After what can only be described as a year of exceptional change across all sectors, we look back at the key trends that were predicted to take a hold of 2019 and what kind of impact they had on brands.


Following on from our Brand Sustainability article, we saw that 2019 was the year when people declared war on waste, with plastic pollution becoming a key talking point across all mainstream media. With the rise of Extinction Rebellion and greater global political pressure, 2019 was the year that brands became catalysts for change and activists of positivity looking to make a difference.

Outdoor apparel retailer Patagonia, a pioneer and leader in sustainability, launched its ‘Better Than New – Patagonia’s Worn Wear Repair Truck & Facility’ sustainable initiative last year, aiming to encourage consumers to make their clothing last a lifetime through repairs. Named the ‘Euro Worn Wear Tour’ the project allows retailers to make over 50 stops in five European countries which will offer free repairs for broken zippers, buttons and rips, whilst teaching consumers/customers how to make their own repairs in the future.

Vastly reducing plastic waste has been a vital goal in 2019, with major supermarkets promising to reduce the amount of single use plastic, especially black plastic, which is virtually impossible to recycle. However, what will be key moving forward is how these brands are able to change their behaviour, and how they can persuade both their core suppliers and consumers to do the same.

Filtering into campaigns, Waitrose launched its biggest CSR campaign educating customers on plastic and food waste, while Coca-Cola is trying to get more people to recycle their bottles through its ‘Round in Circles’ campaign.

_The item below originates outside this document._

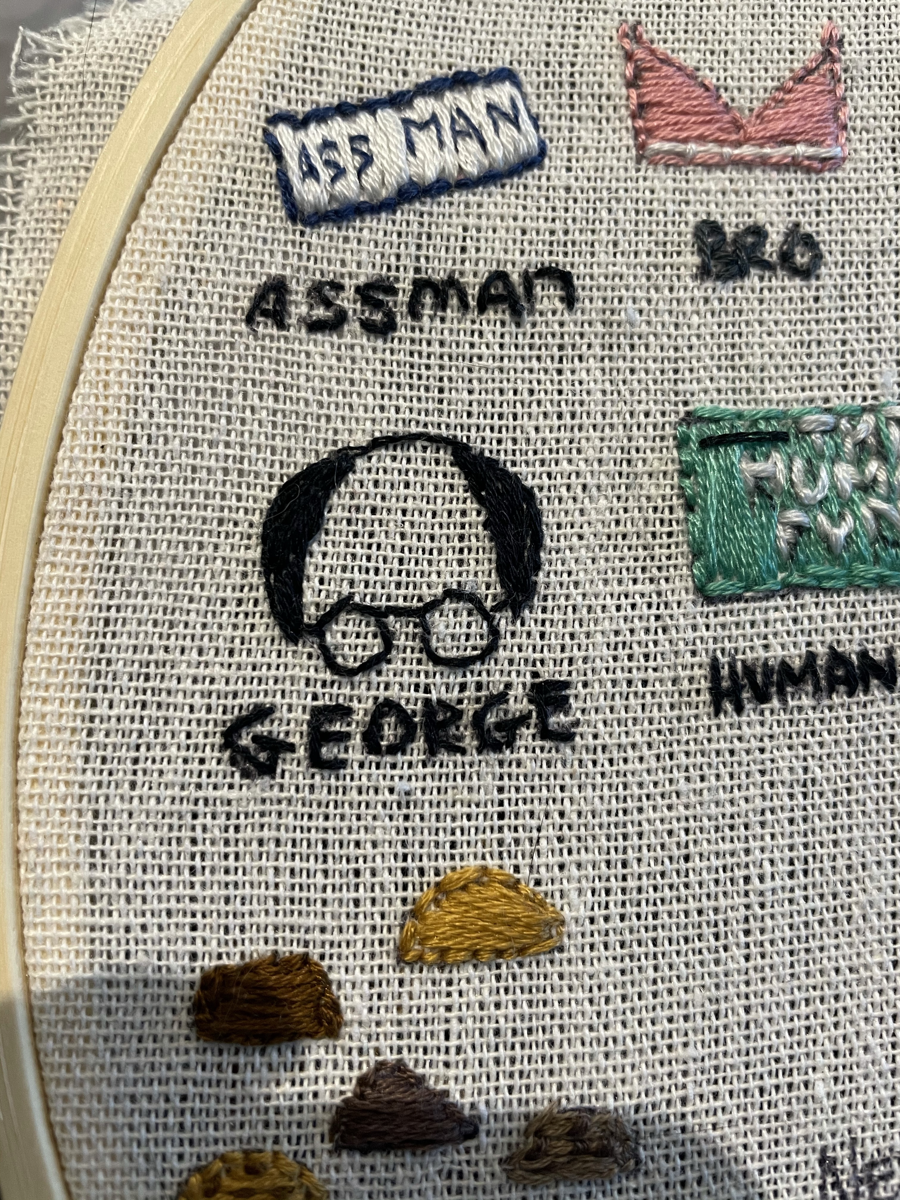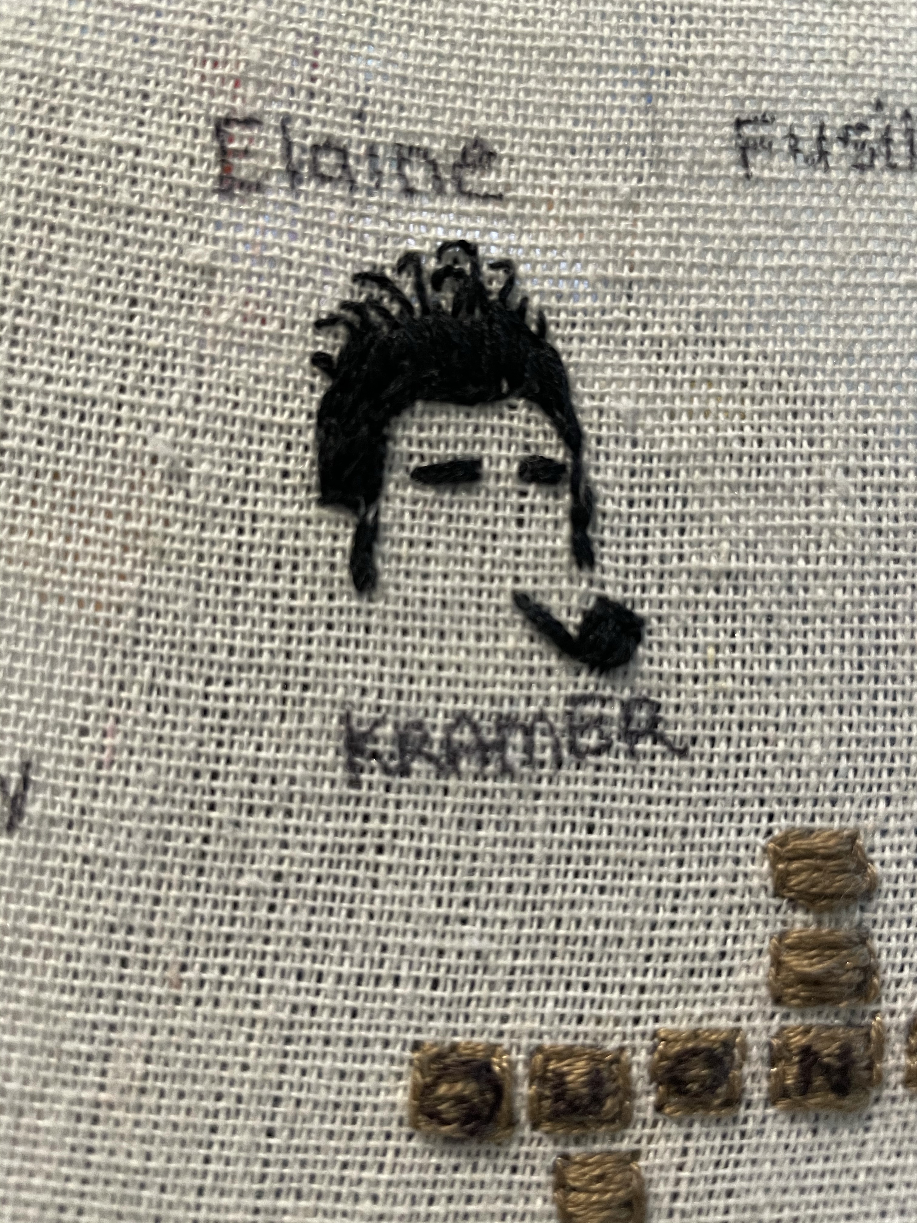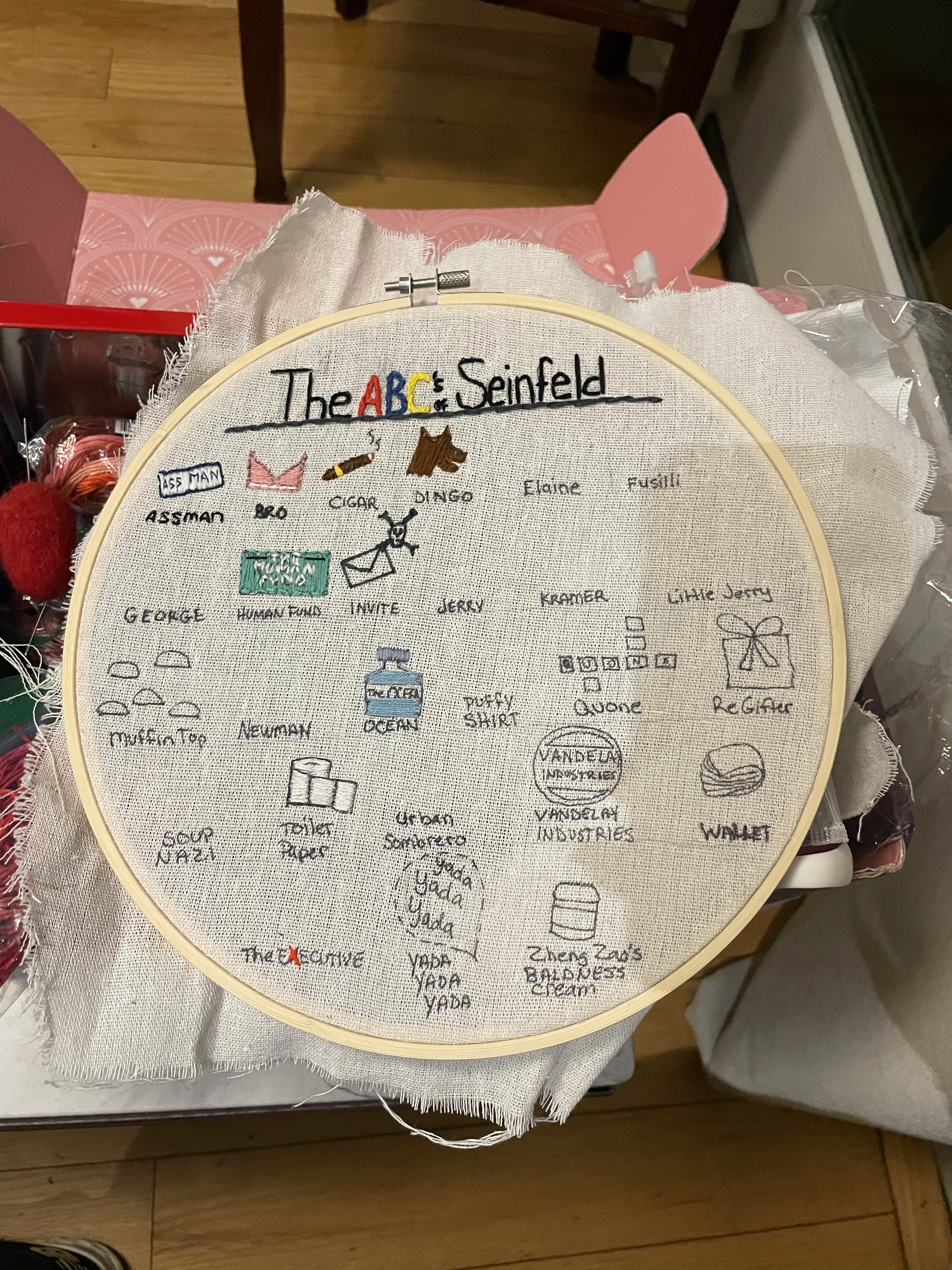 Then by Thursday, I was ready to get back to sewing something. I didn’t have a ton of fabric left since I trashed a lot over Agatha. I decided to use the remaining fabric to make something fun on my largest hoop, a 10”. As I loved making Wanda, a character, I thought about what other characters I could make. Then boom, thought of the greatest show to ever exist… SEINFELD. I’m a Seinfeld nut. I found a fun poster online that I could use called the ABC’s of Seinfeld. It is a funny visual dictionary of their greatest characters or moments.

With consumers aged 25-35 projected to spend 150 billion dollars on sustainable goods by 2021, it has never been more important for brands to have a solid and honest sustainability strategy in place, in order to capitalise on this positively growing market.


Last year a huge interest in the wellness sector caused confusion and left consumers with an abundance of questions, rather than providing clear and meaningful answers.

According to the latest figures, there is now more than a quarter of a million health and wellness apps available on Android and iOS. While it could be argued that this is simply democratising wellness for the masses, it feels like we have hit a point in time where the number of apps for the health & wellness sector is overwhelming.

In 2019, the creditability of these apps has come into question. A study by researchers from Bond University in Queensland looked in-depth at 22 health and wellness apps, testing the reliability of the app’s services, which allows doctors to suggest safe products to their patients.

The study showed that the overall evidence of effectiveness was of very low quality across the majority of apps tested. The app ‘Get Happy’ was the only one working effectively, which aims to improve happiness and wellbeing by getting users to complete a six-lesson cognitive behaviour therapy program.

Meanwhile, the app called ‘Promillekoll’ which was developed by the Swedish government to curb youth drinking, increased the frequency of their drinking while using the app.

The study found that users of the popular fitness and diet tracking app, MyFitnessPal, showed no significant reduction in weight loss or behaviours around physical activity and diet, when compared with those who did not use the app.

It seems in 2019 that brands have transformed the idea and meaning of self-care into self-absorption. Moving forward, we need health & wellness brands to focus on something more objective and sustainable, as well as unlocking one’s self-confidence and inner strength.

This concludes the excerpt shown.